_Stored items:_

%%

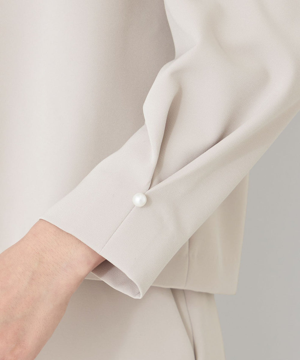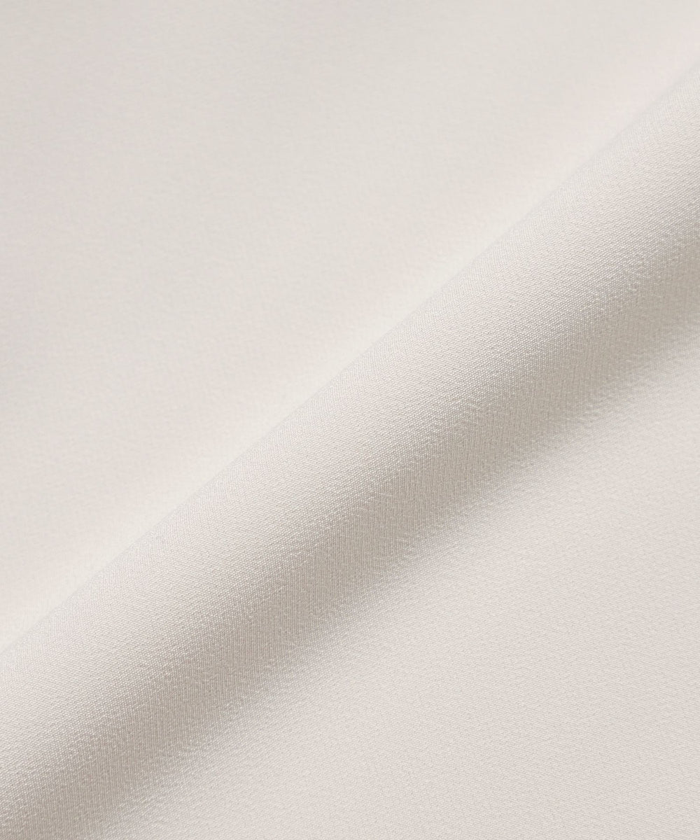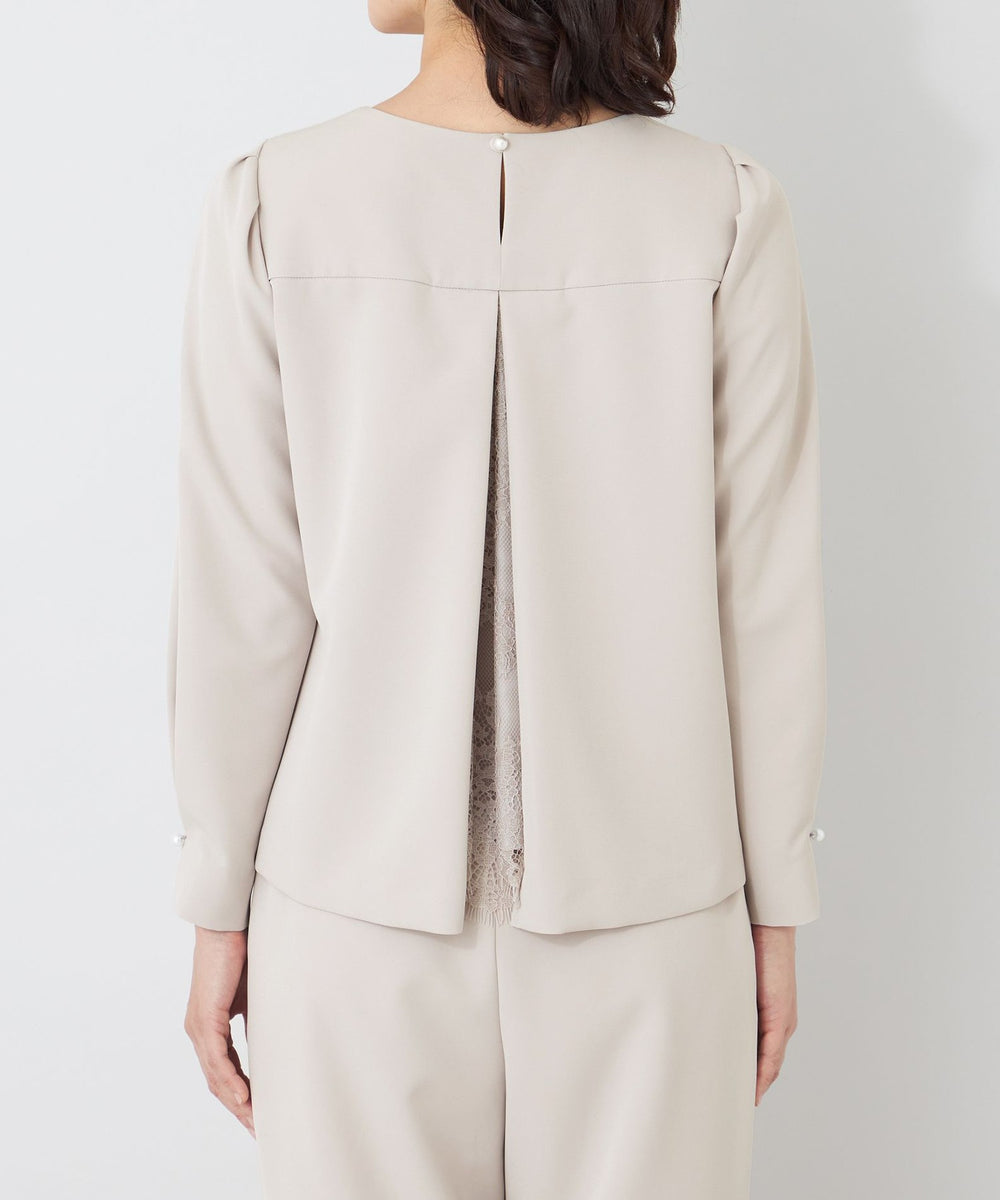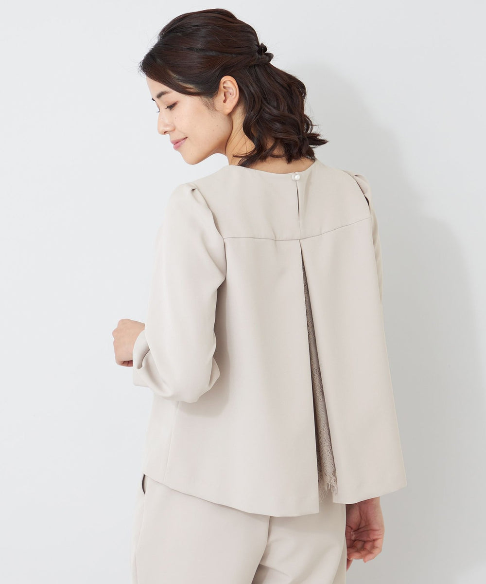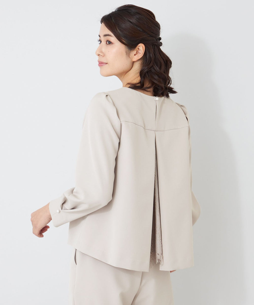ボックスシルエットのショートブラウスで、フロントはシンプルでスッキリとしたデザインに仕上げています。バックスタイルは、中心にボックスタックを施し、奥に裾スカラップ付きのラッセルレースを挟み込むことで、後ろ姿に上品なアクセントをプラスしました。袖口にはタックを寄せ、ポイントとしてパールボタンをあしらい、上品な印象を演出しています。
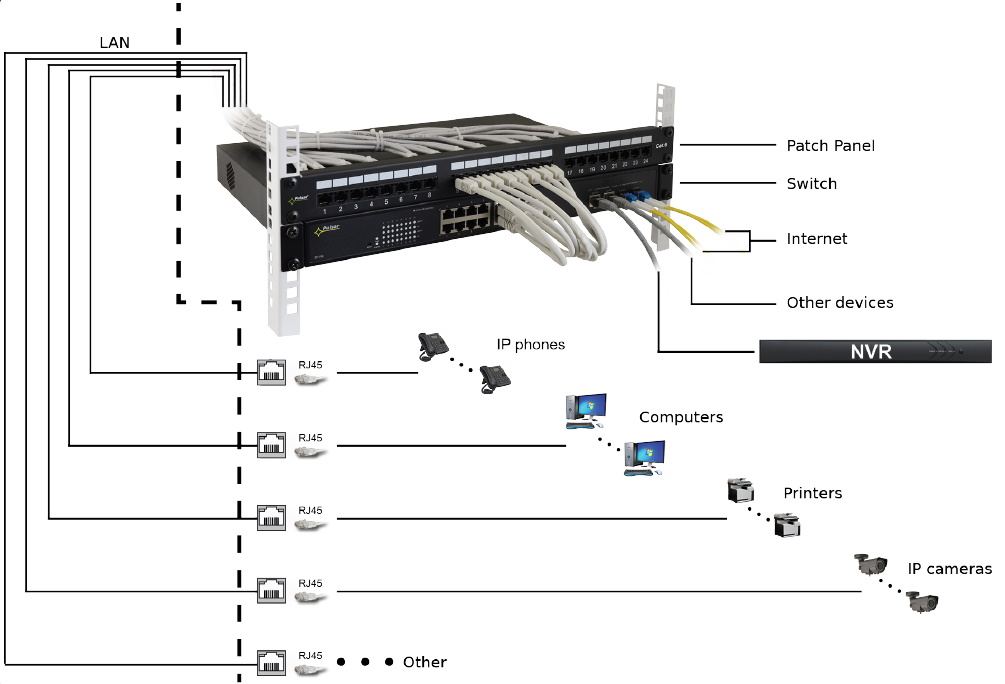 - LSA-Klemmen farbig markiert (568A/B standard)
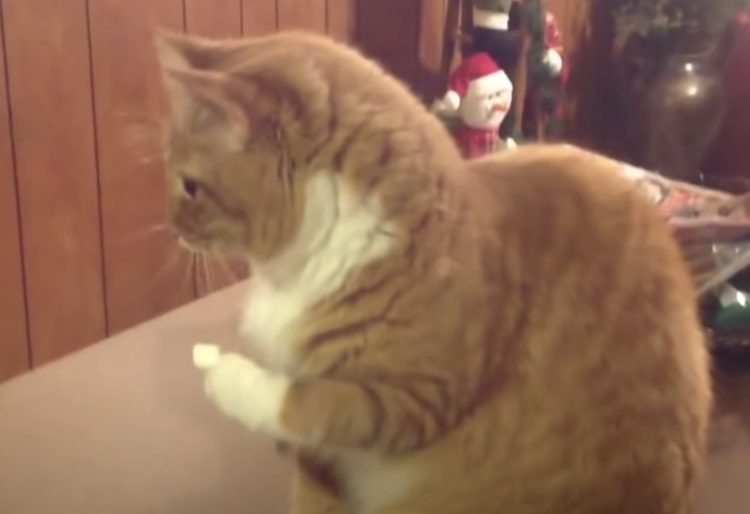 猫さんのお手手に小さなマシュマロが!
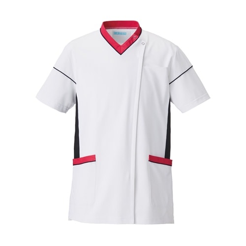 KAZEN スクラブジャケット半袖男女兼 ホワイト×ネイビー×ピンク L 034−23 A04E-3168
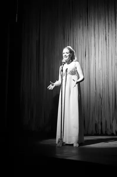Bursdagsfeiring av Lill-Babs, Barbro Svensson, på Chat Noirs scene. Her er Lill-Babs, i et revynummer.
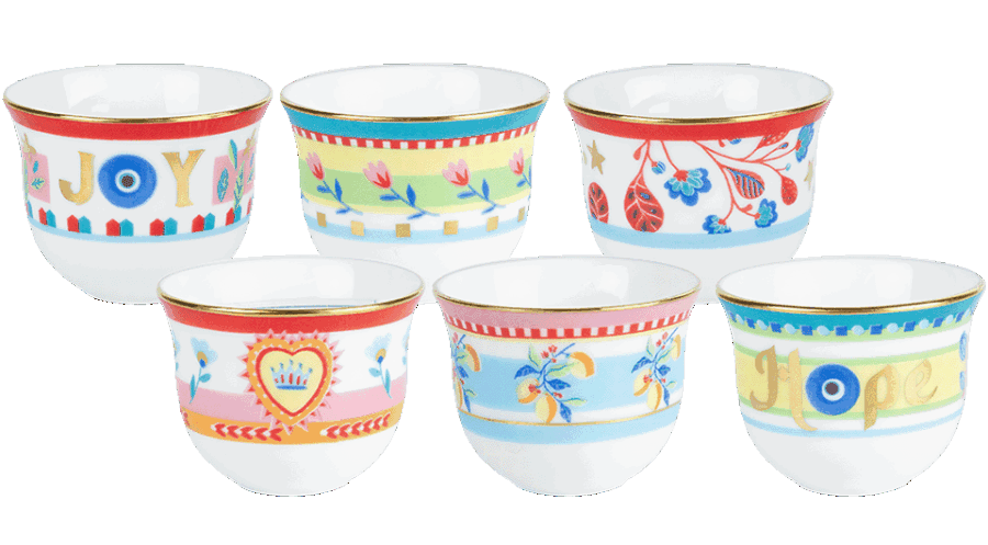 Descrição: Conjunto de copos de café árabe em porcelana, composto por peças com diferentes estampas coloridas que variam entre florais, geométricas e palavras inspiradoras como JOY e HOPE. Cada copo é finalizado com friso dourado na borda, acrescentando sofisticação ao design vibrante e alegre. Um conjunto exclusivo, ideal para servir café com charme e compor mesas postas cheias de personalidade.
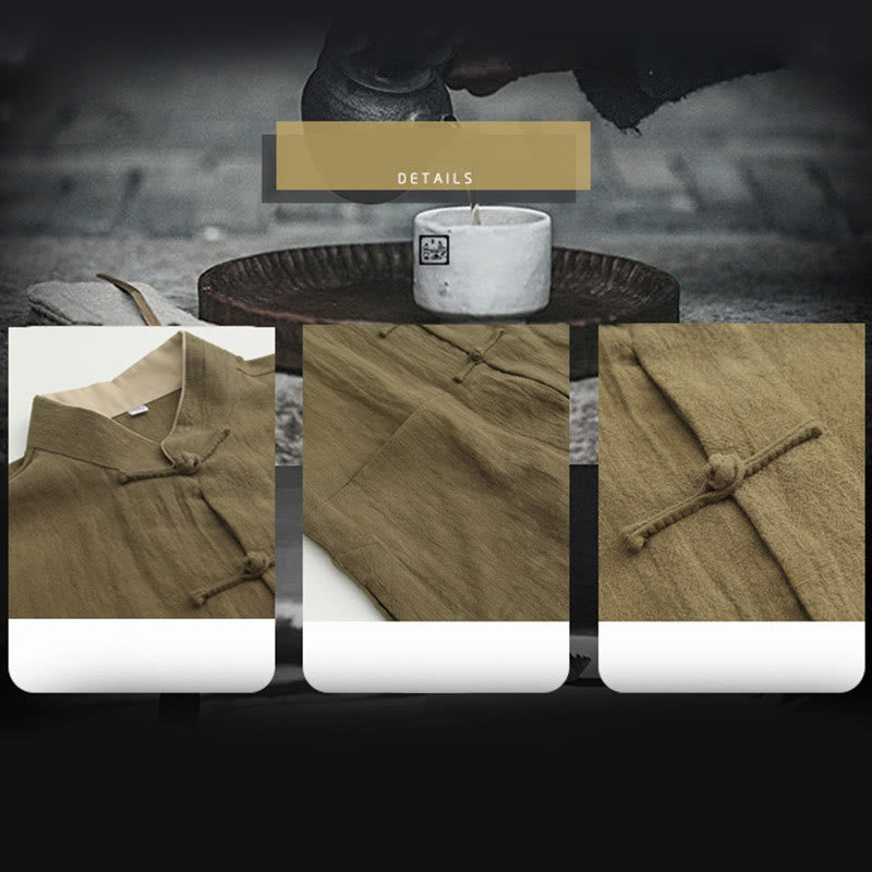 Buddha Stones Tang Frog-Button Long Sleeve Shirt Cotton Linen Men's Clothing - image 20
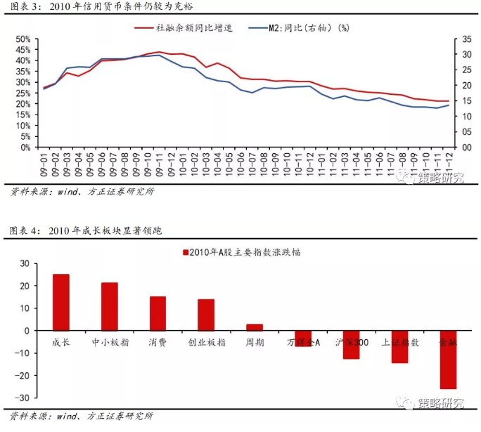 2、2010年宏观经济位于V型反转后的高位企稳阶段,货币信用环境在Q4出现明显转向。估值调整和业绩修复是市场进入震荡格局的主要逻辑,在此背景下成长板块跑出长牛,全年电子、医药生物、机械设备领涨。
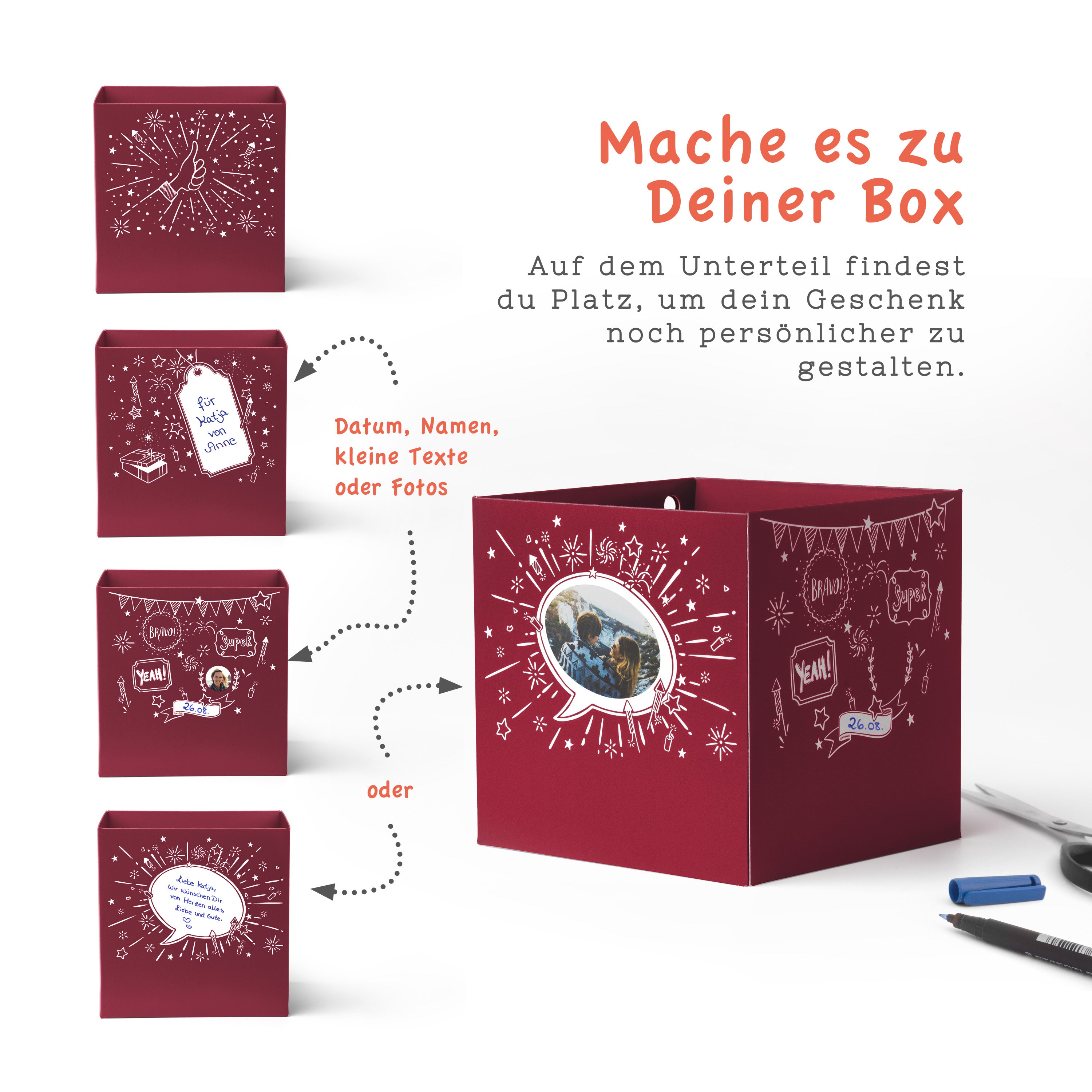 Ob klassisch, verspielt oder witzig – unsere Weihnachts-Geschenkboxen sind schnell gemacht und bleiben lange im Gedächtnis.
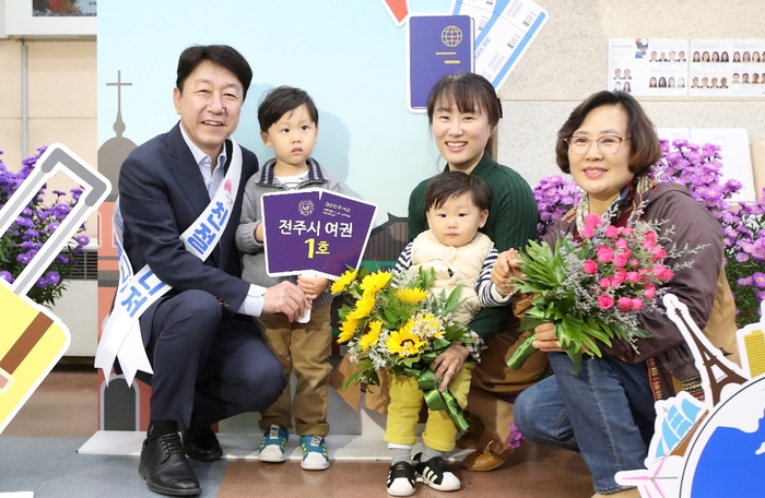 우범기 전주시장은 이날 민원실을 찾아 제1호 여권 신청자인 송 씨 가족에게 축하 꽃다발과 전주시자원봉사센터에서 제공한 환경 친화 여행용품을 담은 기념품을 전달했다.
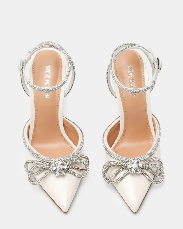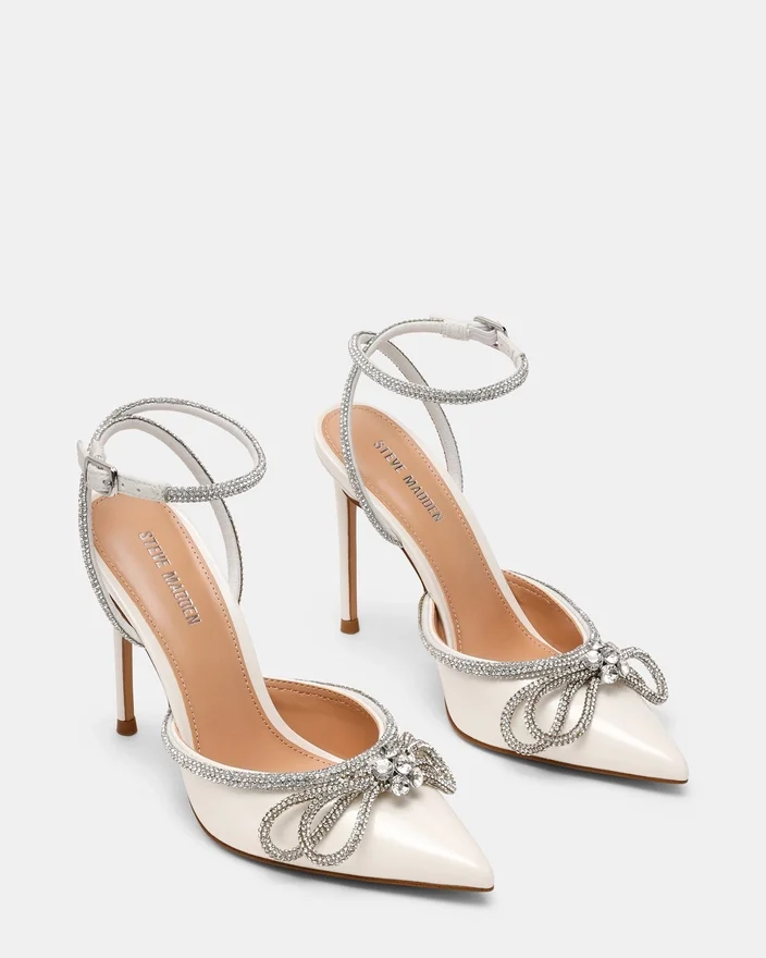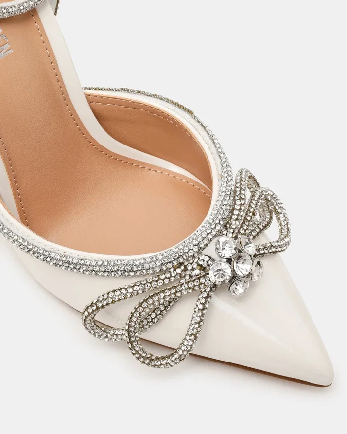 Vei fi vedeta balului în modelul Viable, pantofii cu toc pe care îi vei purta mulți ani de acum înainte. Așezați pe un toc stiletto subțire, această pereche cu vârf ascuțit are o baretă subțire la gleznă, împodobită cu strasuri, și un design cu fundă.

%%

_Problem to work on:_ In the records above, find the line that contains "Buddha Stones Tang", then write it out along with every line after it, exactly, through the last one. Leave the pictures out.

_Answer area:_
 Buddha Stones Tang Frog-Button Long Sleeve Shirt Cotton Linen Men's Clothing - image 20
 2、2010年宏观经济位于V型反转后的高位企稳阶段,货币信用环境在Q4出现明显转向。估值调整和业绩修复是市场进入震荡格局的主要逻辑,在此背景下成长板块跑出长牛,全年电子、医药生物、机械设备领涨。
 Ob klassisch, verspielt oder witzig – unsere Weihnachts-Geschenkboxen sind schnell gemacht und bleiben lange im Gedächtnis.
 우범기 전주시장은 이날 민원실을 찾아 제1호 여권 신청자인 송 씨 가족에게 축하 꽃다발과 전주시자원봉사센터에서 제공한 환경 친화 여행용품을 담은 기념품을 전달했다.
 Vei fi vedeta balului în modelul Viable, pantofii cu toc pe care îi vei purta mulți ani de acum înainte. Așezați pe un toc stiletto subțire, această pereche cu vârf ascuțit are o baretă subțire la gleznă, împodobită cu strasuri, și un design cu fundă.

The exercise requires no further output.